-- Opening Marker --

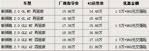 据4S店销售人员介绍,目前购买狮跑可以赠送960元的交强险,同时有1.5万-2万元不等的现金优惠。两驱标准版优惠后售价仅为14.48万元。目前经销商处有黑色、银色等现车供应,蓝色等款需要预定,订金为2千元,月内便可以顺利提车。
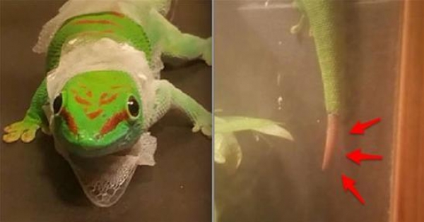 這隻壁虎從高空摔下後一直「啃食自己的尾巴」!沒想到下一秒....!
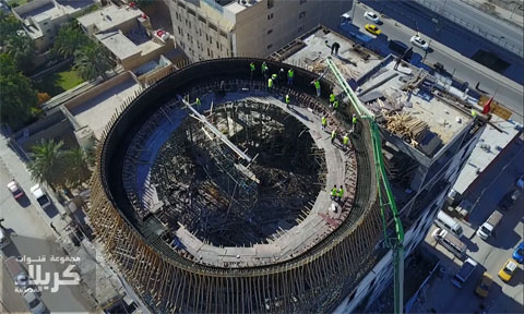 وأضاف " تعلو بناية المركز قبة من الهيكل الحديدي، وتم إكمال الهيكل الخرساني بالكامل"
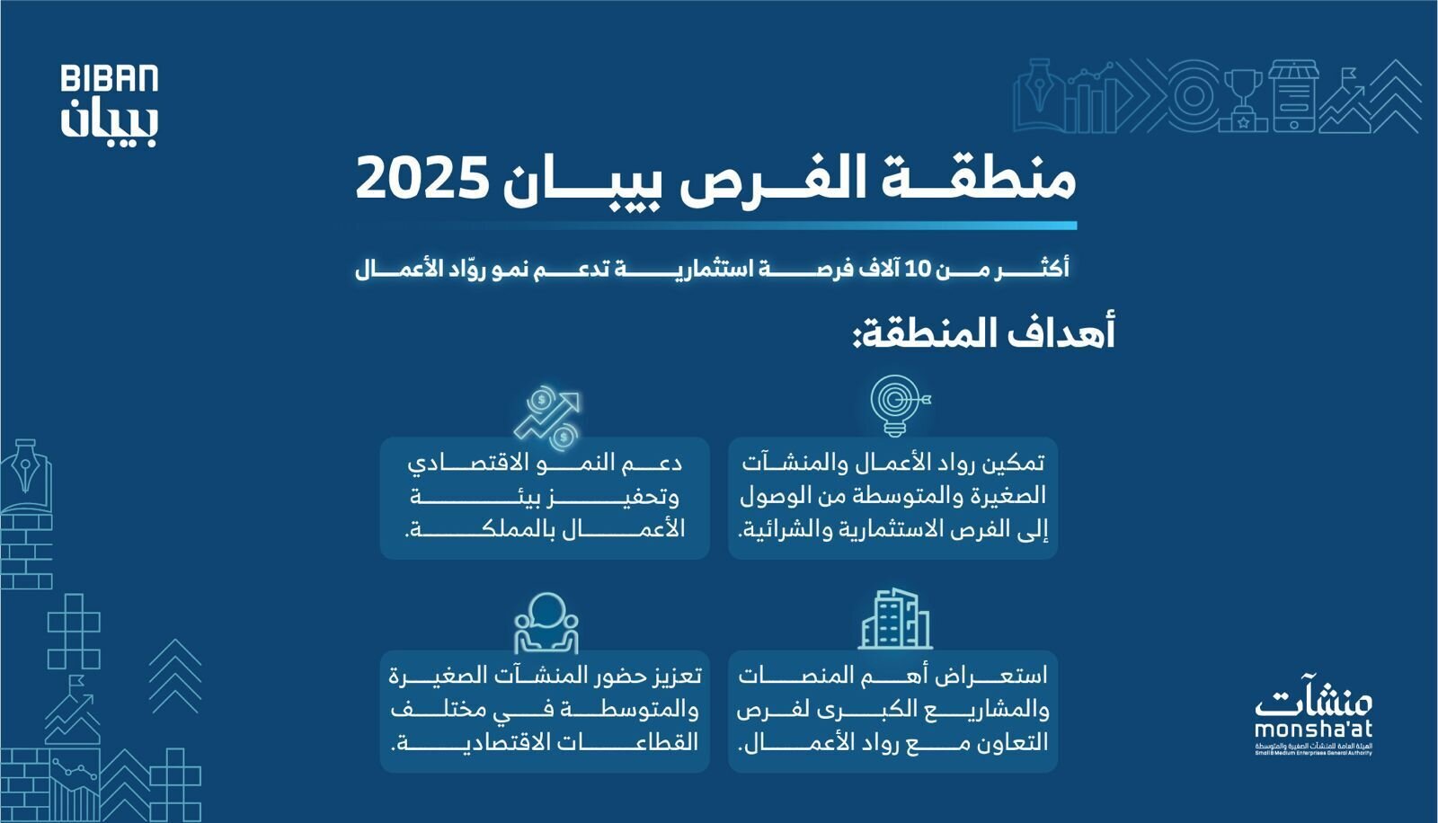 كشفت الهيئة العامة للمنشآت الصغيرة والمتوسطة "منشآت" عن (10) آلاف فرصة استثمارية لرواد الأعمال وأصحاب المنشآت الصغيرة والمتوسطة سيتم استعراضها ضمن "منطقة الفرص" في فعاليات ملتقى "بيبان 2025"، الذي يُقام خلال الفترة من 5 إلى 8 نوفمبر المقبل في مركز واجهة الرياض للمعارض والمؤتمرات تحت شعار "وجهة عالمية للفرص".
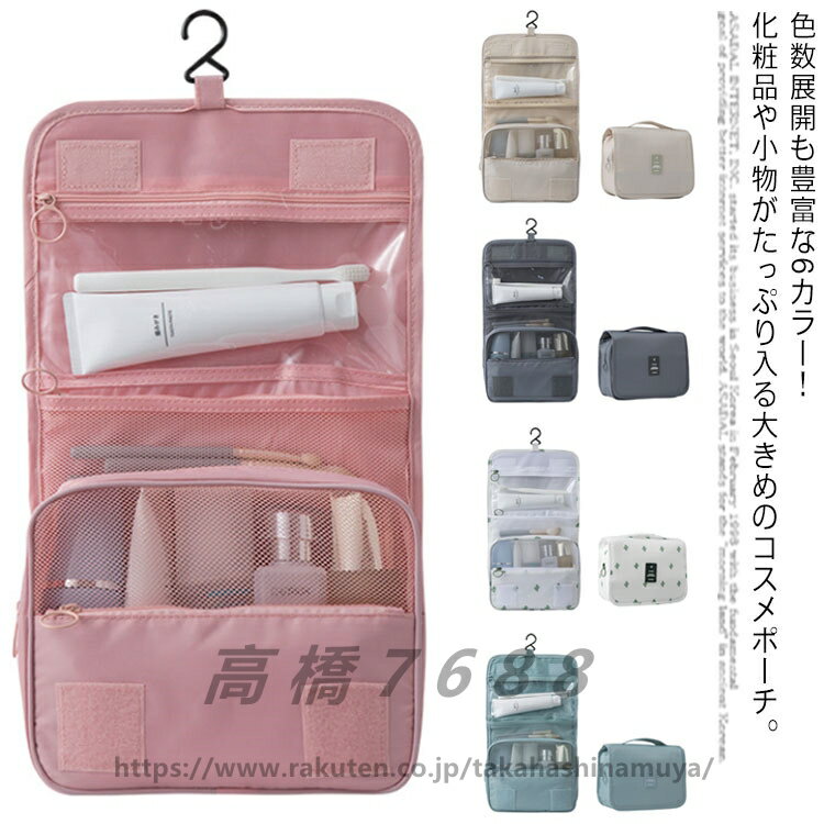 ポーチ 旅行用 トラベル ハンガー 立てる収納 コスメバッグ バスルームポーチ シンプル ブラシ入れ付き 仕切り 乾湿両用 洗面用具 化粧品 大きめ 修学旅行 手提げ バッグ 小物 整理
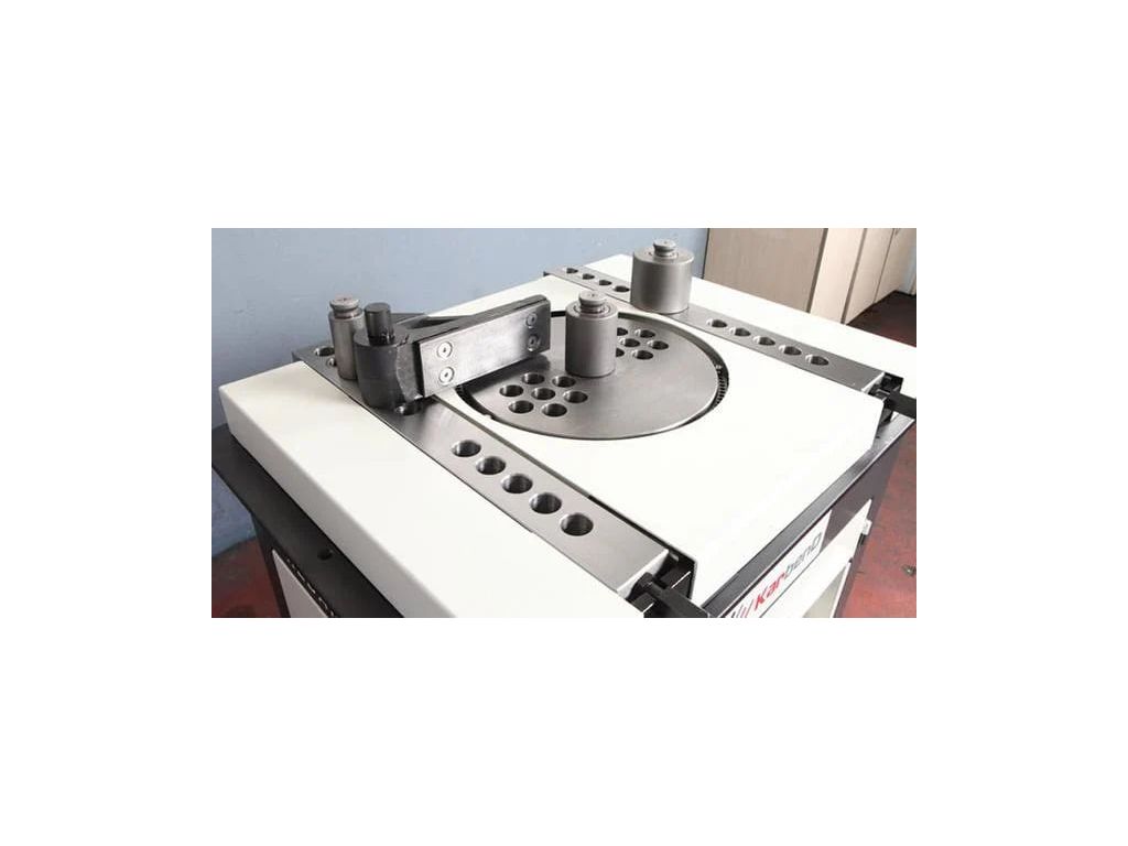 Згинач арматури, прутків, дроту та плоских прутків. Ідеально підходить для згинання як арматурних стремен, так і різних арматурних ферм з гладкого та ребристого дроту. Завдяки використанню відповідних інструментів можна гнути елементи для художньої ковальства, які використовуються, наприклад, у виробництві воріт, огорож, балюстрад і т.д. Зварна сталева рама та робочий стіл забезпечують стабільну роботу навіть у складних умовах. Машина має два режими роботи: автоматичний та ручний.
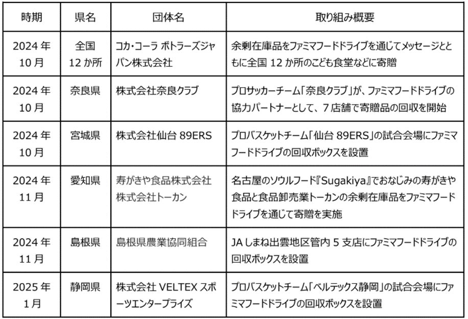 店舗に寄贈いただくお客さまに加え、スポーツチームや飲食品メーカーをはじめとする多くのステークホルダーの協力等をいただきながら、以下のような新たな連携や協業を進めました。これにより、寄贈された食料品の量はさらに増加し、より多くの方に支援を届けることができました。協力パートナーからは「学校給食がない冬休みの時期に物価高で更に困難度が増しているひとり親家庭にお届けすることができました」、店舗からは「ファミマフードドライブをきっかけに、協力パートナーと繋がりが出来たことで、今までにない形の地域貢献になっていると感じています。取り組みが大きな輪となり、これからも地域のお客さまとともに地域を盛り上げていきたいです。」というようなお声をいただいております。
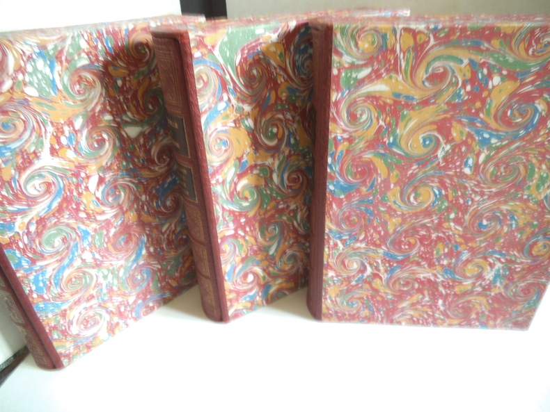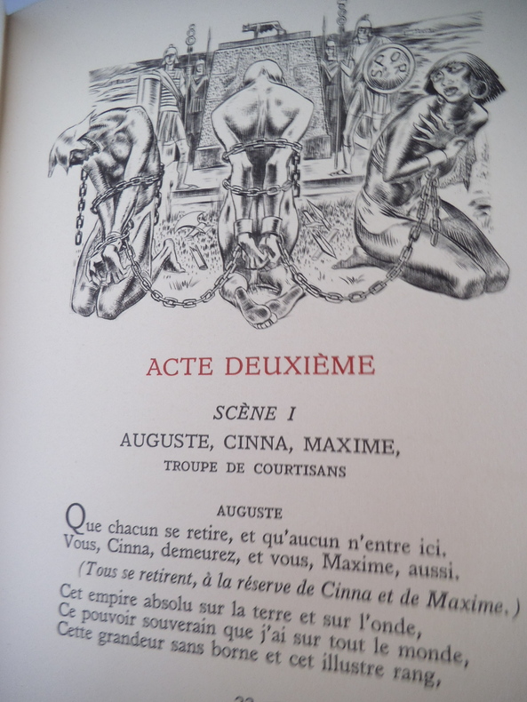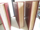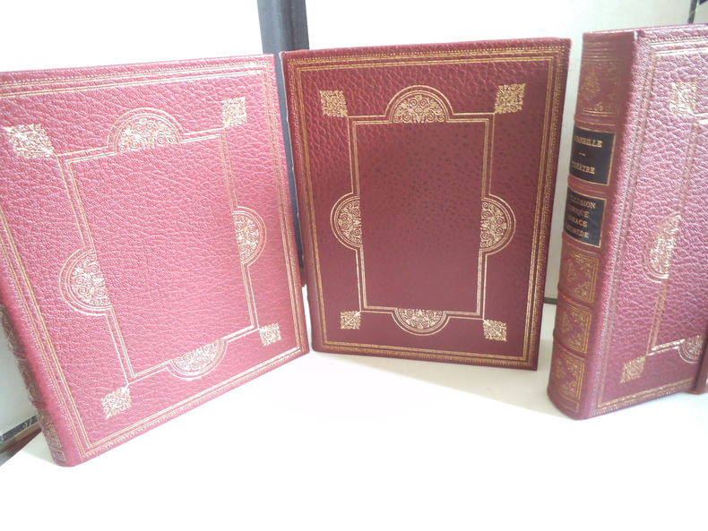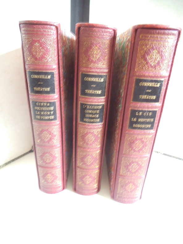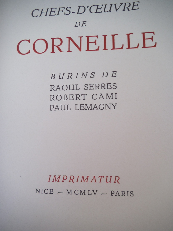 Trois tomes en trois volumes in 8 carré, 195x250mm, plein cuir rouge façon chagrin, à nerfs, pièce de titre cuir bleu. Caissons dorés. Filets, roulette écoinçons dorés sur les plats. Non rogné, tête dorés. Faux titre, titre, imprimatur NICE 1954. Exemplaires numérotés sur vélin pur fil teinté 1) Le Cid- Le menteur- Rodogune. 303 pages. Illustrations hors texte de Raoul SERRES 30 juillet 1954. 2) L’illusion comique, Horace, Nicomède, 283 pages, illustration de Robert CAMI 30 mars 1955 .3) Théâtre, Cinna, Polyeucte, la mort de pompée 272 pages, 30 juillet 1955. Illustrations de Paul LEMAGNY Etuis cartonnage bordés du même cuir rouge. Ensemble en très bon état.
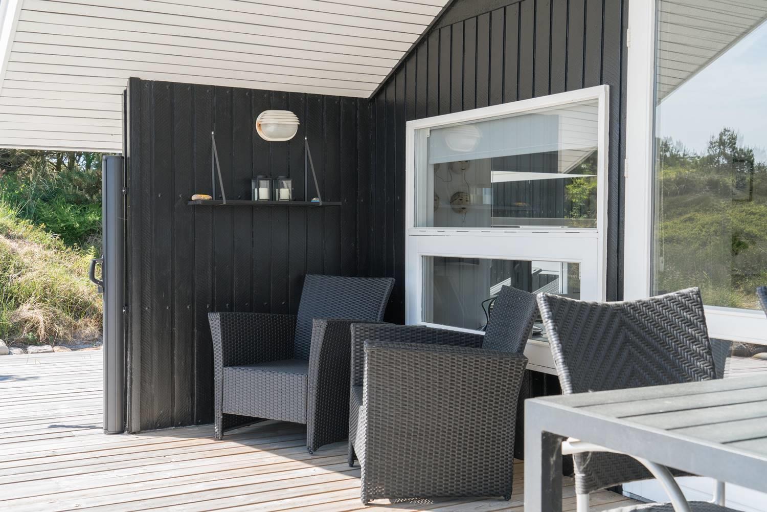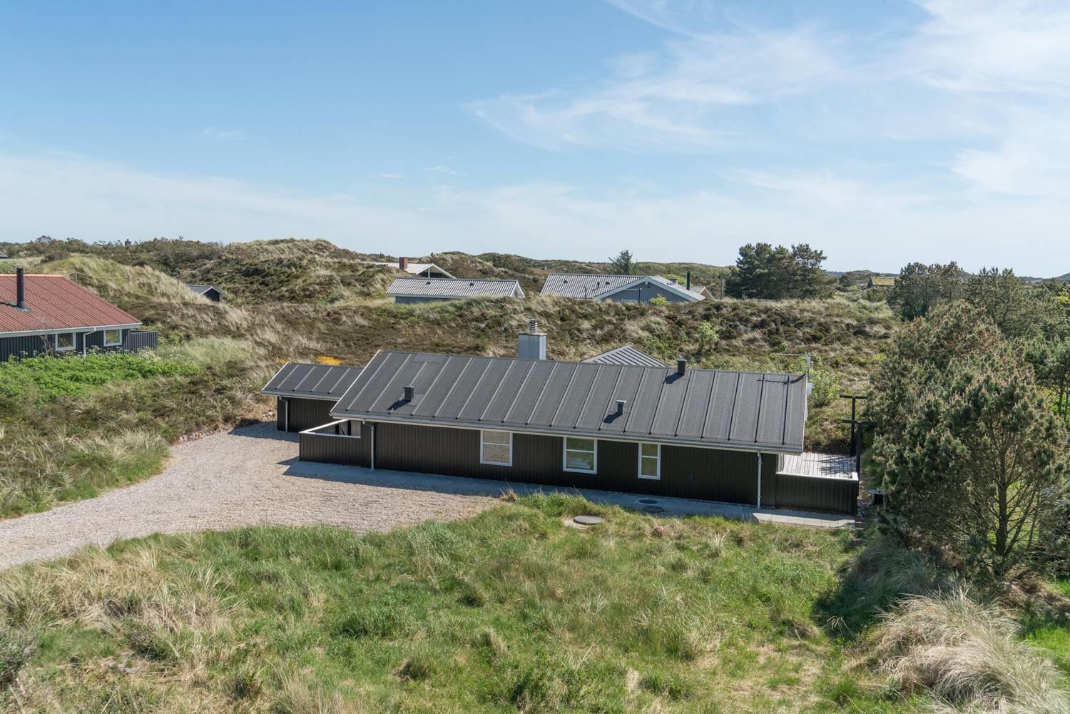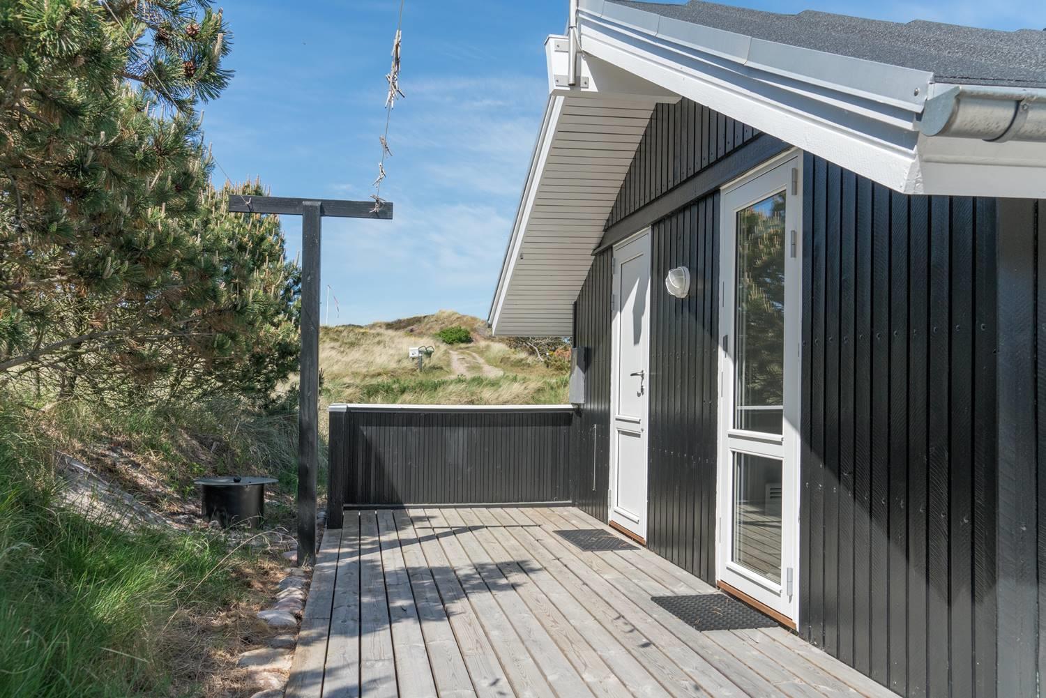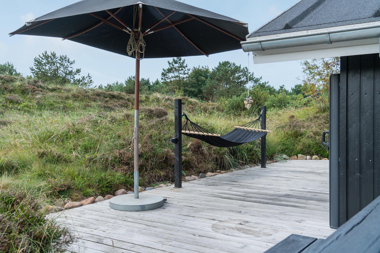 Sommerhuset er renoveret i 2018, og resultatet er en indbydende ferieoase med moderne komfort og en omfavnende atmosfære. Udenfor smyger et stort terrassedæk sig hele vejen rundt langs de solvendte facader, og klitterne skærmer af, så I kan nyde freden og roen i læ for vinden.
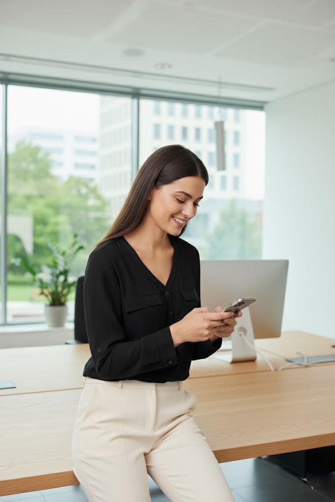 Elegance meets comfort in this Long Sleeve Blouse, designed with a soft V-neckline and front flap pockets for a refined yet casual look. Made from a lightweight, smooth fabric, it drapes beautifully and feels airy against the skin — perfect for work, casual outings, or layering under a blazer.

-- Closing Marker --

- What is being asked
Copy nothing but the lines above from the one with "這隻壁虎從高空摔下後一直「啃食自己的尾巴」!沒想到下一秒....!" to the one with "ポーチ 旅行用 トラベル", inclusive, word for word. Leave every picture out.

- Answer to the problem
 這隻壁虎從高空摔下後一直「啃食自己的尾巴」!沒想到下一秒....!
 وأضاف " تعلو بناية المركز قبة من الهيكل الحديدي، وتم إكمال الهيكل الخرساني بالكامل"
 كشفت الهيئة العامة للمنشآت الصغيرة والمتوسطة "منشآت" عن (10) آلاف فرصة استثمارية لرواد الأعمال وأصحاب المنشآت الصغيرة والمتوسطة سيتم استعراضها ضمن "منطقة الفرص" في فعاليات ملتقى "بيبان 2025"، الذي يُقام خلال الفترة من 5 إلى 8 نوفمبر المقبل في مركز واجهة الرياض للمعارض والمؤتمرات تحت شعار "وجهة عالمية للفرص".
 ポーチ 旅行用 トラベル ハンガー 立てる収納 コスメバッグ バスルームポーチ シンプル ブラシ入れ付き 仕切り 乾湿両用 洗面用具 化粧品 大きめ 修学旅行 手提げ バッグ 小物 整理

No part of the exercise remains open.